### TASK
Below are some entries. Transcribe the lines from the one holding "Потолочный светодиодный светильник" to the one holding "Nîmes : Naissances et décès du 18 au 20 avril", inclusive, but not the pictures among them.

### TASK DATA
/---

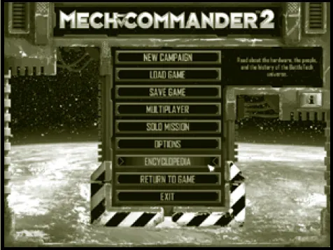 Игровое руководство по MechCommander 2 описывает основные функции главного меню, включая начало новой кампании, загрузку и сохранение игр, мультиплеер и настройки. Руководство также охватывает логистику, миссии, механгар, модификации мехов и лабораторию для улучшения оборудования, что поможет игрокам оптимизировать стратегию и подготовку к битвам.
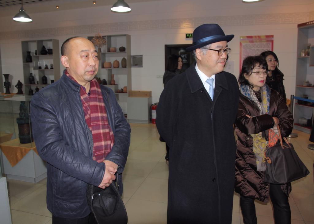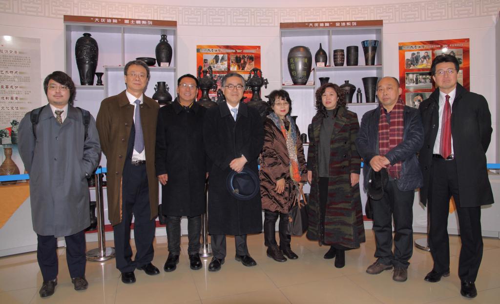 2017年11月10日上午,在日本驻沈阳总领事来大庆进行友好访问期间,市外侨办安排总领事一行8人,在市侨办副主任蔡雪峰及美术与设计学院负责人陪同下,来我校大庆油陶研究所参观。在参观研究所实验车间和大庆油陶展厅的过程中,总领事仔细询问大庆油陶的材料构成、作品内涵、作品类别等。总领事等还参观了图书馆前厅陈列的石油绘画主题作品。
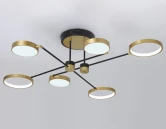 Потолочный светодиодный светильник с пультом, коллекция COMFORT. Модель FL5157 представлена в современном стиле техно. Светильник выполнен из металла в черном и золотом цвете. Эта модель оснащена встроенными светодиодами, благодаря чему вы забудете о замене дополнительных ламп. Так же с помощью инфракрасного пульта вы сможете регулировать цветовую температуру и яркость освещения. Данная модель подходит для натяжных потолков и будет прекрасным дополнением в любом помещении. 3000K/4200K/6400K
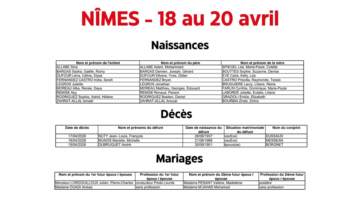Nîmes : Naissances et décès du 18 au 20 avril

\---
/---

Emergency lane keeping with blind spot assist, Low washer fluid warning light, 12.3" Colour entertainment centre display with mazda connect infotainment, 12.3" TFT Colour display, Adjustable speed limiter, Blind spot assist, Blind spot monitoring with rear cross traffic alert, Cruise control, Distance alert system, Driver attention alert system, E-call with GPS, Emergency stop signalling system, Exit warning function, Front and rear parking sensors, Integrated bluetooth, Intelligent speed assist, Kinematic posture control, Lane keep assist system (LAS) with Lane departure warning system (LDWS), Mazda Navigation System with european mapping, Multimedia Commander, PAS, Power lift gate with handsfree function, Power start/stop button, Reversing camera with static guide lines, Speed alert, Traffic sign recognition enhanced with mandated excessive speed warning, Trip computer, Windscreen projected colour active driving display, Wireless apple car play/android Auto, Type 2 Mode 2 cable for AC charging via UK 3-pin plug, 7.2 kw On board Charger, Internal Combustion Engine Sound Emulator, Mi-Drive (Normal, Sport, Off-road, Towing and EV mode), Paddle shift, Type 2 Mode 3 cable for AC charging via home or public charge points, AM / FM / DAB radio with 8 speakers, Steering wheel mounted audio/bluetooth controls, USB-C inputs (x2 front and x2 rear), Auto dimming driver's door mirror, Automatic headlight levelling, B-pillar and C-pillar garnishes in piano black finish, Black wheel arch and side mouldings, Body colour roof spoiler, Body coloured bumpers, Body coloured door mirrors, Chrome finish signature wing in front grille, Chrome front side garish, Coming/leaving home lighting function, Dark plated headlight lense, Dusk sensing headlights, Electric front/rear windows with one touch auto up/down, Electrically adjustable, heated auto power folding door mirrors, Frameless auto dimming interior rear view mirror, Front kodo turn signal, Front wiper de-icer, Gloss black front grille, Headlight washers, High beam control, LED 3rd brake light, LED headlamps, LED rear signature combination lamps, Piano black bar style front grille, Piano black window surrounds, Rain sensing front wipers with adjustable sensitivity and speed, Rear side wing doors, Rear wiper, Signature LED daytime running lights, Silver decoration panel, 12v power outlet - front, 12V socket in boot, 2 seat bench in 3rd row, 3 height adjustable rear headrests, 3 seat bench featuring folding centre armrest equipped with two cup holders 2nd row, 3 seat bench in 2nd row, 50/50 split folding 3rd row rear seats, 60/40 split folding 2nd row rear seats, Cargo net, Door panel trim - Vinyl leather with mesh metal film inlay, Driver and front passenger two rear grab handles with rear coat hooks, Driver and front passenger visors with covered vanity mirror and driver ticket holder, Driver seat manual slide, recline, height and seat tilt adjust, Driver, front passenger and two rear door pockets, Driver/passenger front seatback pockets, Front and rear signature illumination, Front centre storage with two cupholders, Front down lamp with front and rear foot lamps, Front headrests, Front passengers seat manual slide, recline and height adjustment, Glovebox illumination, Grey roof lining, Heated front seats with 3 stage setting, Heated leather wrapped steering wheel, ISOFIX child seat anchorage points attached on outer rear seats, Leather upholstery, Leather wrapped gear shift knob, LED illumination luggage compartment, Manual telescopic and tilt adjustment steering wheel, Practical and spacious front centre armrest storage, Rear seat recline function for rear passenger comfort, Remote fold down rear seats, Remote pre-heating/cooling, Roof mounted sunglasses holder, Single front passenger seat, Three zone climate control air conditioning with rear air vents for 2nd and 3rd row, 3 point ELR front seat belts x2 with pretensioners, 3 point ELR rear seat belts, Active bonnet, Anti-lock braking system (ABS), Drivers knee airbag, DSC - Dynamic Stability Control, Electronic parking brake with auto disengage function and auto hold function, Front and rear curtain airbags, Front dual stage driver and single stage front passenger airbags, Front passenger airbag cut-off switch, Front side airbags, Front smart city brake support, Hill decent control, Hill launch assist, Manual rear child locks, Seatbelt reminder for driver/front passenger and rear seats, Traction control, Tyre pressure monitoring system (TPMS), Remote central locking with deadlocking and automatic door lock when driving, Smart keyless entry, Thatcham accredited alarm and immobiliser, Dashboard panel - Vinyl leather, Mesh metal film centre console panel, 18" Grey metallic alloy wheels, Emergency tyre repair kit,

\---

### ANSWER BELOW
 Потолочный светодиодный светильник с пультом, коллекция COMFORT. Модель FL5157 представлена в современном стиле техно. Светильник выполнен из металла в черном и золотом цвете. Эта модель оснащена встроенными светодиодами, благодаря чему вы забудете о замене дополнительных ламп. Так же с помощью инфракрасного пульта вы сможете регулировать цветовую температуру и яркость освещения. Данная модель подходит для натяжных потолков и будет прекрасным дополнением в любом помещении. 3000K/4200K/6400K
Nîmes : Naissances et décès du 18 au 20 avril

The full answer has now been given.